• **What you need to do**: Dropping every picture, set down exactly the lines in the entries below, starting with the line with "男性每周和每月收听播客的人数分别增长了3%和4%。" and going on through the line with "Metropolita Szczecińsko-Kamieński Ksiądz".

Material for this task Start Marker

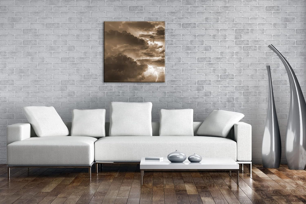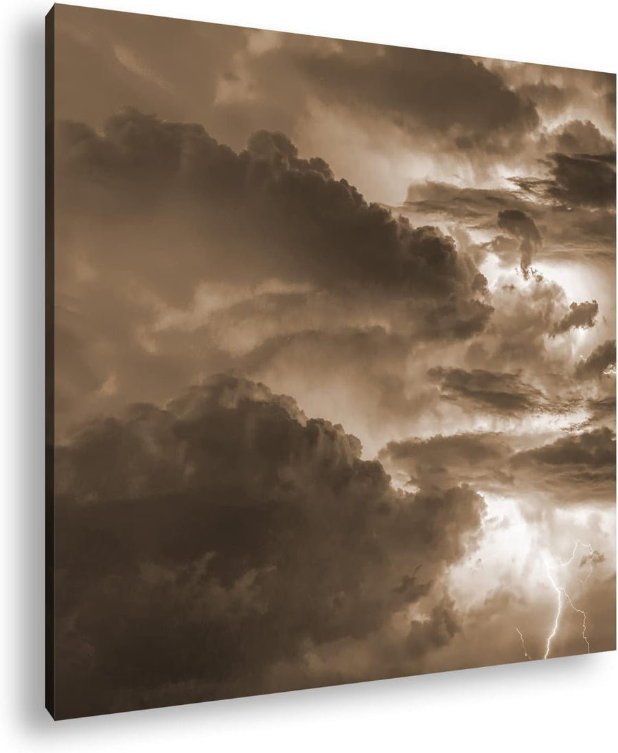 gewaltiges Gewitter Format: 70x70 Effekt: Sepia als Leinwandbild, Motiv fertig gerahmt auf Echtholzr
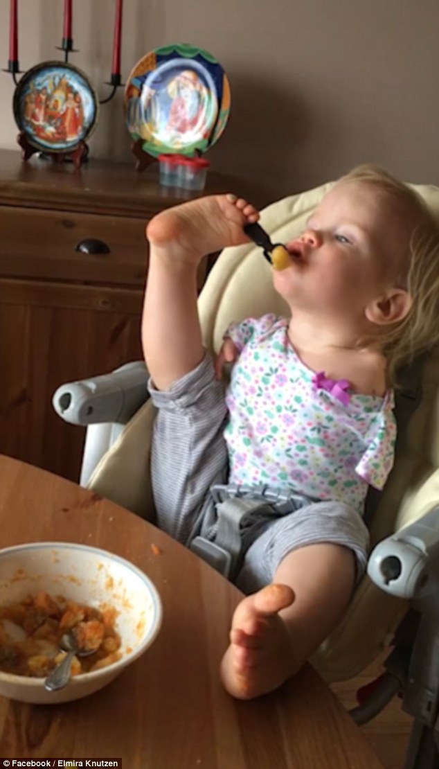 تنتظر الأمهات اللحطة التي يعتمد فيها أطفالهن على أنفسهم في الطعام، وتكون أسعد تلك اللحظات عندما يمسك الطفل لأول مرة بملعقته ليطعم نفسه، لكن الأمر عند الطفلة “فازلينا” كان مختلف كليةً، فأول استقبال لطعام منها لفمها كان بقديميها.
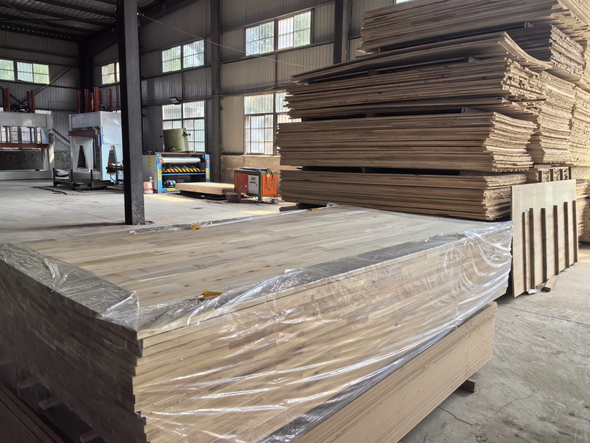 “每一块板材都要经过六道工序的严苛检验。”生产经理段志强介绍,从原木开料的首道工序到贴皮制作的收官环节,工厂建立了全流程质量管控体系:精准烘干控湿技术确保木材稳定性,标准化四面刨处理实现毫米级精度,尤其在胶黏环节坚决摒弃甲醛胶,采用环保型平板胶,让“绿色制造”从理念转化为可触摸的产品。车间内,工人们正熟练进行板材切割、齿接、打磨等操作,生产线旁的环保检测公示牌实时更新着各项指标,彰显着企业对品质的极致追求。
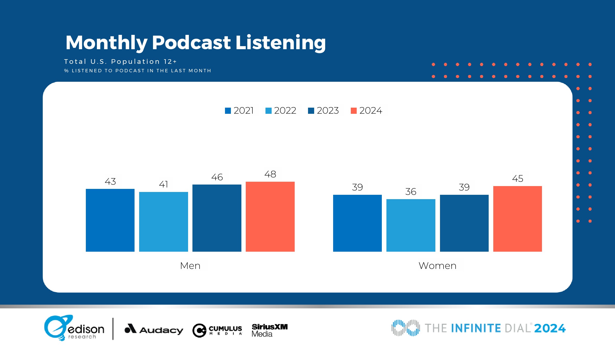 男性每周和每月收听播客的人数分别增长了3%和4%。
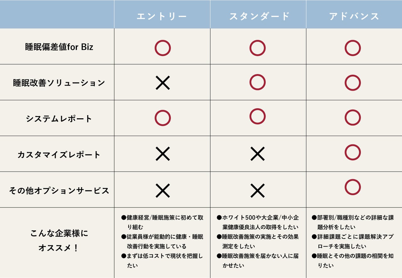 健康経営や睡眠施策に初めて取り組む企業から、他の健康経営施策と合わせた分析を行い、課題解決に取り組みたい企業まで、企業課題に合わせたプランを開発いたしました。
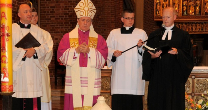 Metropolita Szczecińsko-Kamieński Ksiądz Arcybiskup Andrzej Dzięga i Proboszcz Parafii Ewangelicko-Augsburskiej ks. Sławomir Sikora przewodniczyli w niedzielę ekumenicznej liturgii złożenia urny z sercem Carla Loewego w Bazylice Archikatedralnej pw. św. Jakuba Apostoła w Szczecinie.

Material for this task End Marker
Material for this task Start Marker

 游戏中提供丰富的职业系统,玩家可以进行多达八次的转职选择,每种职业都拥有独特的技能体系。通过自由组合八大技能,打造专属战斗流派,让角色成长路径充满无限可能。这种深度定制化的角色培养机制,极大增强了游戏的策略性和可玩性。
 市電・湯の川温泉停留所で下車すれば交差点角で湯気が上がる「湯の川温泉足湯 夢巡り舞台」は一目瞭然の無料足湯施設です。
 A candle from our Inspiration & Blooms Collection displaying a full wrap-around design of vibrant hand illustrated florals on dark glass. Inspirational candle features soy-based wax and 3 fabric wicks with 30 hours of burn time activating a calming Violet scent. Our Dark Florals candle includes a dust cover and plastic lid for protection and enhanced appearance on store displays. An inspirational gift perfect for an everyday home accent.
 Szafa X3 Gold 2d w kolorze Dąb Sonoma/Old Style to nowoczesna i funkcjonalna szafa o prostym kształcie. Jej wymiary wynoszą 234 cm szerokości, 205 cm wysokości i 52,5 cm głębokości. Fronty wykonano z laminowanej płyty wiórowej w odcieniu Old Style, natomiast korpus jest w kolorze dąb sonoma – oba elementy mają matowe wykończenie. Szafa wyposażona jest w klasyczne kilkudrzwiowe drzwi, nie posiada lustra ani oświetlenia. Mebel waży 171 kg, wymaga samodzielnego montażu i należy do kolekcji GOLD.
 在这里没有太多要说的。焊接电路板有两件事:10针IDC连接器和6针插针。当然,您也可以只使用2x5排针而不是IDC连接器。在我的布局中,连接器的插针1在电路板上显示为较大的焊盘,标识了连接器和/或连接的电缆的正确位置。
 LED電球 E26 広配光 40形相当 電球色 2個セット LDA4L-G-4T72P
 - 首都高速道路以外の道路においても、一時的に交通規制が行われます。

Material for this task End Marker
Material for this task Start Marker

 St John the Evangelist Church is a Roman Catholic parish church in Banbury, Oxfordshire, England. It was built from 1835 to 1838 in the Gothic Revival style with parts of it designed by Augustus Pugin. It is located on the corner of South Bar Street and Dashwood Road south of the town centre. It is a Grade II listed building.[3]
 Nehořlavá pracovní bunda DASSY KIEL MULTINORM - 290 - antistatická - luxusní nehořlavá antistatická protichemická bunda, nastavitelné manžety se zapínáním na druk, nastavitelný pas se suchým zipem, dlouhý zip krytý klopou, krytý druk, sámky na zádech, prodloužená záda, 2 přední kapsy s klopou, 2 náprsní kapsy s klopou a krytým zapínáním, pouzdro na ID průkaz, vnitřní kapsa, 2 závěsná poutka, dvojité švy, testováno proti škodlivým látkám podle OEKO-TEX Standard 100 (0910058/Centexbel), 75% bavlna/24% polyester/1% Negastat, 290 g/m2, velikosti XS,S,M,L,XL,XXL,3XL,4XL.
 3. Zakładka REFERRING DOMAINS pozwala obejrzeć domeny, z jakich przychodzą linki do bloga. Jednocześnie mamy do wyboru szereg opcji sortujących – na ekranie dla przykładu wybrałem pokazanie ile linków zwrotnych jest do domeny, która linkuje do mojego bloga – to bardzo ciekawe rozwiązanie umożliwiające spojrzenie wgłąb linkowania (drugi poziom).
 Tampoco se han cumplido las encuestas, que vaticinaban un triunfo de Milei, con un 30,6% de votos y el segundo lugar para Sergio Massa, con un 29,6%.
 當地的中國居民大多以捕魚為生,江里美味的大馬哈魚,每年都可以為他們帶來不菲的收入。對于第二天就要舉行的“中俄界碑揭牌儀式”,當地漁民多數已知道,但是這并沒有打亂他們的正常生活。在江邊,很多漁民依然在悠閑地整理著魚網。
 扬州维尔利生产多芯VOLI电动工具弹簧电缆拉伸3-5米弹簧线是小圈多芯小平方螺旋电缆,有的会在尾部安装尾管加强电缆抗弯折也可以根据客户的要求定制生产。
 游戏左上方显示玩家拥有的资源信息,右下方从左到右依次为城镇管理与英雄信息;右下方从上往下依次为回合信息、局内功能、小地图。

Material for this task End Marker

• **Answer space**:
 男性每周和每月收听播客的人数分别增长了3%和4%。
 健康経営や睡眠施策に初めて取り組む企業から、他の健康経営施策と合わせた分析を行い、課題解決に取り組みたい企業まで、企業課題に合わせたプランを開発いたしました。
 Metropolita Szczecińsko-Kamieński Ksiądz Arcybiskup Andrzej Dzięga i Proboszcz Parafii Ewangelicko-Augsburskiej ks. Sławomir Sikora przewodniczyli w niedzielę ekumenicznej liturgii złożenia urny z sercem Carla Loewego w Bazylice Archikatedralnej pw. św. Jakuba Apostoła w Szczecinie.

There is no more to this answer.